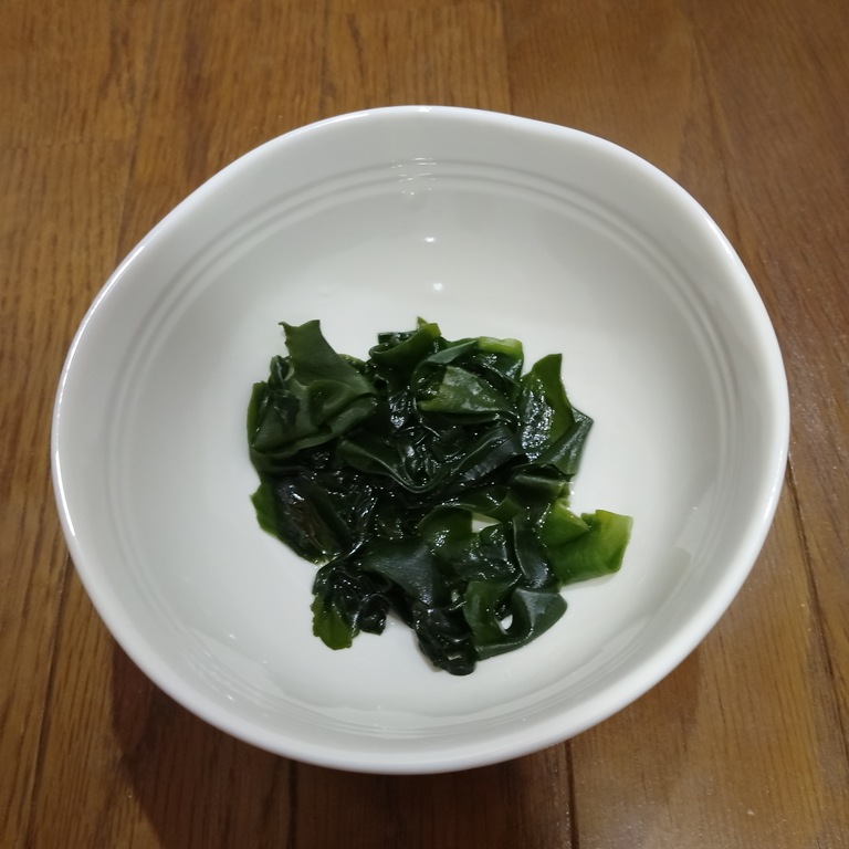 ① 乾燥わかめを水に浸して戻しておく。
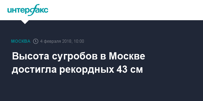 Высота снежного покрова на главной московской метеостанции (ВДНХ) за последние 24 часа увеличилась с 32 до 43 см и достигла рекордного для нынешней зимы значения, отметили в ведомстве. Норма осадков для февраля в Москве составляет 36 мм.
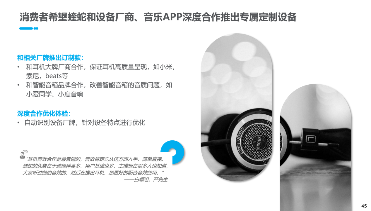 在白皮书中可以看出,消费者希望蝰蛇音效能进一步拓宽应用场景,和设备厂商、音乐APP深度合作推出专属定制装备,并且进一步拓宽合作平台,音频相关的全领域合作。顺应消费者的强烈需求,蝰蛇通过技术授权、品牌认证、定制服务等方式,与万魔(1more)等耳机厂商合作推出了多达6万款耳机音效,适配了比亚迪等142个汽车品牌,与海信、长虹等家电品牌也有深度合作,还与当贝等家庭影音品牌合作,正在走出手机,深入更多用户的客厅、车内。
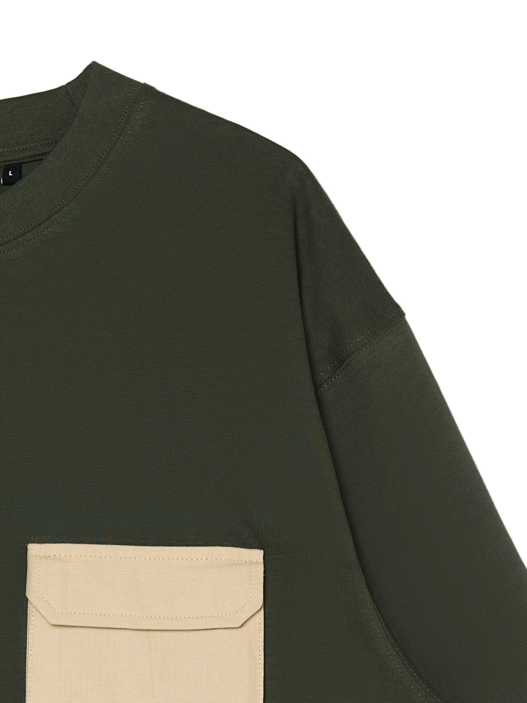 T-shirt męski w kolorze zielonym, uszyty z bawełnianego materiału. Wyróżnikiem tego modelu jest kieszonka typu cargo na przodzie w jaśniejszym odcieniu. 100% bawełny wygodny krój comfort krótkie, swobodne rękawy lekko obniżona linia ramion naszywana kieszeń na piersi dekoracyjne rozcięcia po bokach
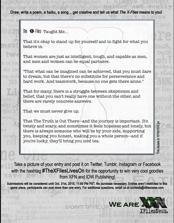 By Twitter user @SpookyCala, this entry takes the first prize! The XFN team felt it embodied so much of what this fandom means to many of us, and has taught indeed great values to generations of fans. Click on the image for the full size version of her entry.
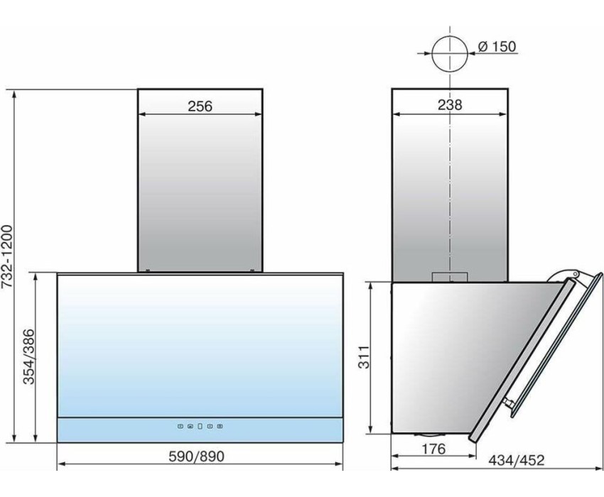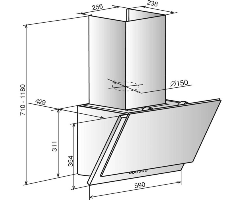 Каминная вытяжка, наклонная, монтируется к стене, отвод / циркуляция, макс. производительность 700 куб. м/ч, ширина для установки 60 см, мощность 225 Вт, электронное управление, тихий двигатель, дисплей, периметриальное всасывание
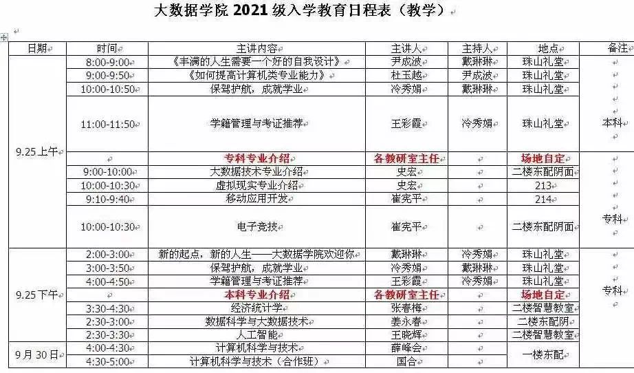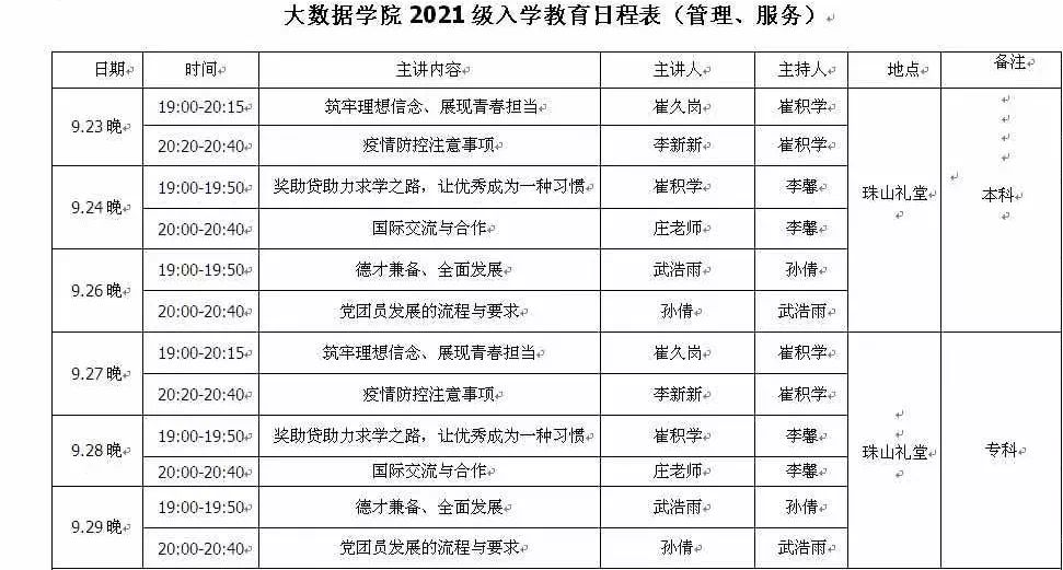 为帮助新生了解学习生活,让新生及时从假期中回归正轨开启新旅程。2021年9月25日起,大数据学院2021级入学教育分别在知新楼二楼东报告厅和珠山礼堂举行。此次入学教育主要分为教学与管理服务两部分,分别围绕新起点新人生、理想信念、学业规划、奖助贷、学籍管理、考证推荐、各个专业介绍等全方位展开,分别有学院领导和骨干教师主讲,2021级全体本科生与专科生分批次参与。
::::
**THE PROBLEM**
Your job is to reproduce the material exactly. Keep pictures out of it.

**PROBLEM SOLUTION**
 ① 乾燥わかめを水に浸して戻しておく。
 Высота снежного покрова на главной московской метеостанции (ВДНХ) за последние 24 часа увеличилась с 32 до 43 см и достигла рекордного для нынешней зимы значения, отметили в ведомстве. Норма осадков для февраля в Москве составляет 36 мм.
 在白皮书中可以看出,消费者希望蝰蛇音效能进一步拓宽应用场景,和设备厂商、音乐APP深度合作推出专属定制装备,并且进一步拓宽合作平台,音频相关的全领域合作。顺应消费者的强烈需求,蝰蛇通过技术授权、品牌认证、定制服务等方式,与万魔(1more)等耳机厂商合作推出了多达6万款耳机音效,适配了比亚迪等142个汽车品牌,与海信、长虹等家电品牌也有深度合作,还与当贝等家庭影音品牌合作,正在走出手机,深入更多用户的客厅、车内。
 T-shirt męski w kolorze zielonym, uszyty z bawełnianego materiału. Wyróżnikiem tego modelu jest kieszonka typu cargo na przodzie w jaśniejszym odcieniu. 100% bawełny wygodny krój comfort krótkie, swobodne rękawy lekko obniżona linia ramion naszywana kieszeń na piersi dekoracyjne rozcięcia po bokach
 By Twitter user @SpookyCala, this entry takes the first prize! The XFN team felt it embodied so much of what this fandom means to many of us, and has taught indeed great values to generations of fans. Click on the image for the full size version of her entry.
 Каминная вытяжка, наклонная, монтируется к стене, отвод / циркуляция, макс. производительность 700 куб. м/ч, ширина для установки 60 см, мощность 225 Вт, электронное управление, тихий двигатель, дисплей, периметриальное всасывание
 为帮助新生了解学习生活,让新生及时从假期中回归正轨开启新旅程。2021年9月25日起,大数据学院2021级入学教育分别在知新楼二楼东报告厅和珠山礼堂举行。此次入学教育主要分为教学与管理服务两部分,分别围绕新起点新人生、理想信念、学业规划、奖助贷、学籍管理、考证推荐、各个专业介绍等全方位展开,分别有学院领导和骨干教师主讲,2021级全体本科生与专科生分批次参与。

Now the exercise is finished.